* Data
>>

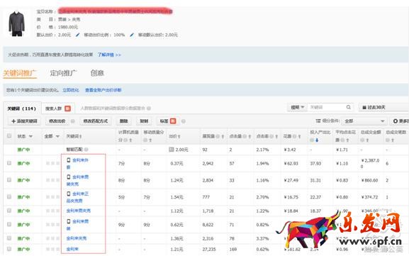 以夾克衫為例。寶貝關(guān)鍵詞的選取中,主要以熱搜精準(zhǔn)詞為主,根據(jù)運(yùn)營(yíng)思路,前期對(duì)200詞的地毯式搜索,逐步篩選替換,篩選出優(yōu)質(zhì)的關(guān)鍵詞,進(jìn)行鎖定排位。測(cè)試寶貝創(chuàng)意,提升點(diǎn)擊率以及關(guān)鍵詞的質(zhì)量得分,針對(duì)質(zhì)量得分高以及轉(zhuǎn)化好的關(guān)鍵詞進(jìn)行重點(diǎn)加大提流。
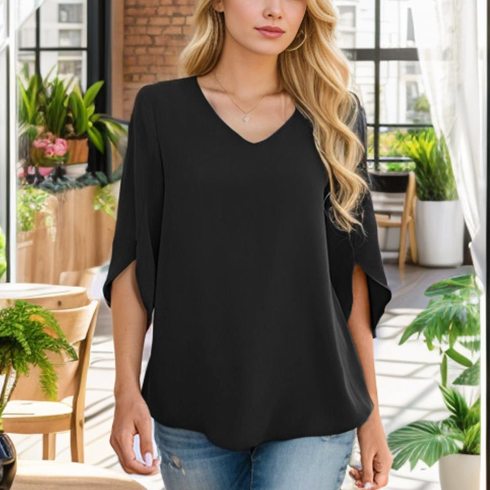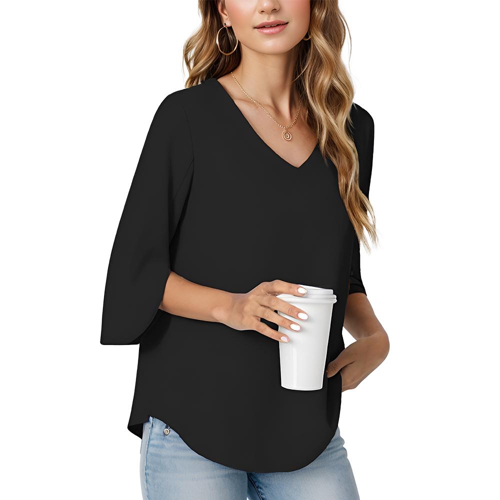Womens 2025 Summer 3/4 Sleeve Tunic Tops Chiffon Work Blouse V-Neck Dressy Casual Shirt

<<
>>

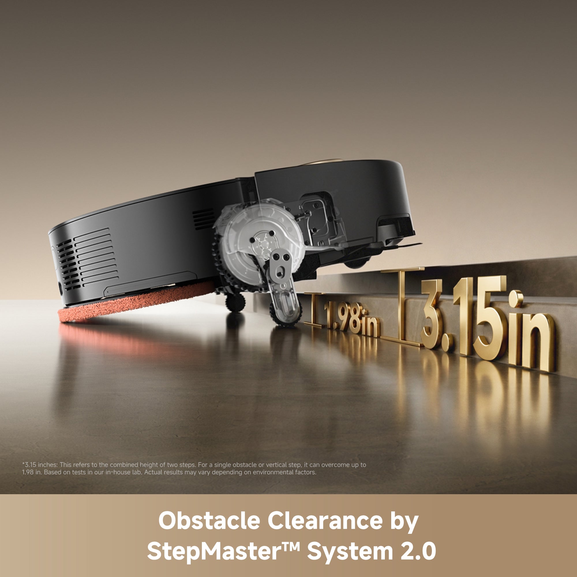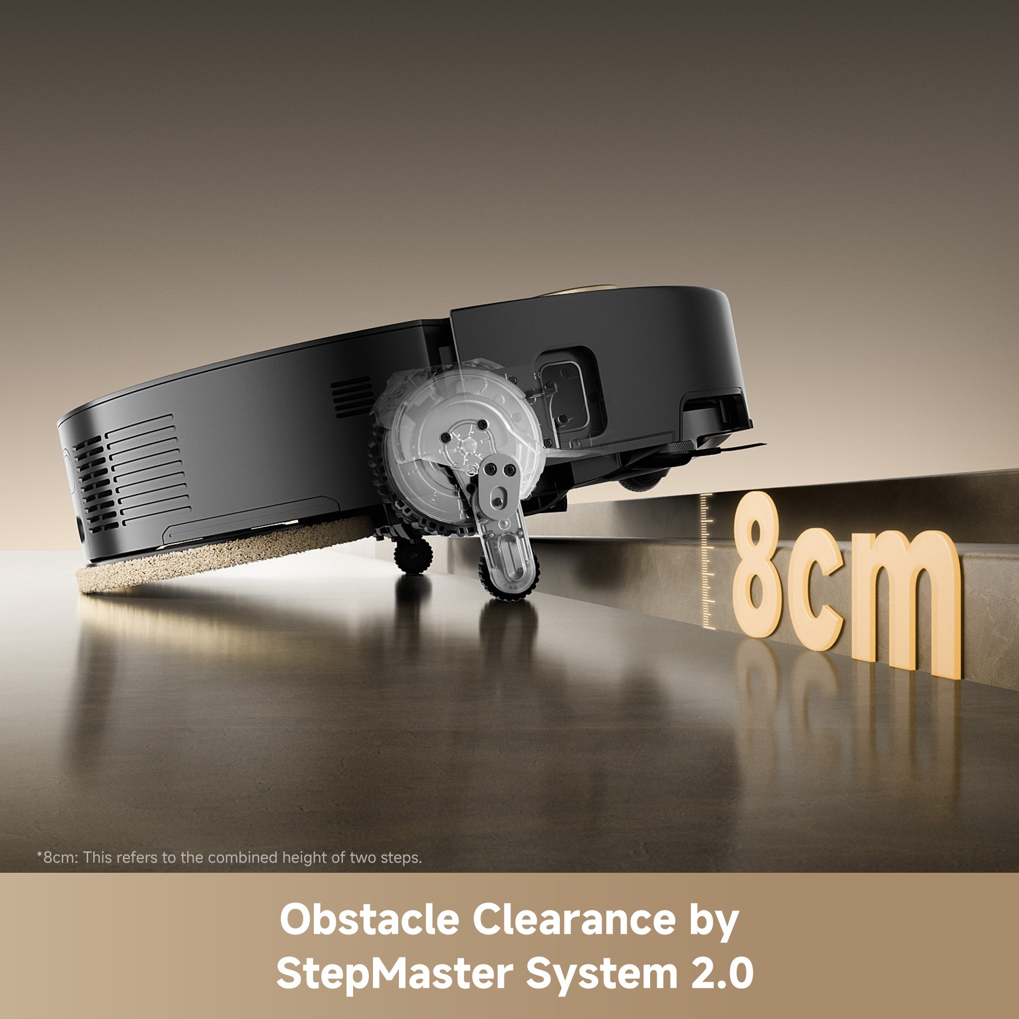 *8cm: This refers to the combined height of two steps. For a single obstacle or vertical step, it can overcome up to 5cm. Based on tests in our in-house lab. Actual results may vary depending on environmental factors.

<<

* What to produce
Return exactly the part of the listing above that opens with the line containing "以夾克衫為例。寶貝關(guā" and closes with the line containing "Womens 2025 Summer". Pictures stay out.

* Your solution
 以夾克衫為例。寶貝關(guān)鍵詞的選取中,主要以熱搜精準(zhǔn)詞為主,根據(jù)運(yùn)營(yíng)思路,前期對(duì)200詞的地毯式搜索,逐步篩選替換,篩選出優(yōu)質(zhì)的關(guān)鍵詞,進(jìn)行鎖定排位。測(cè)試寶貝創(chuàng)意,提升點(diǎn)擊率以及關(guān)鍵詞的質(zhì)量得分,針對(duì)質(zhì)量得分高以及轉(zhuǎn)化好的關(guān)鍵詞進(jìn)行重點(diǎn)加大提流。
Womens 2025 Summer 3/4 Sleeve Tunic Tops Chiffon Work Blouse V-Neck Dressy Casual Shirt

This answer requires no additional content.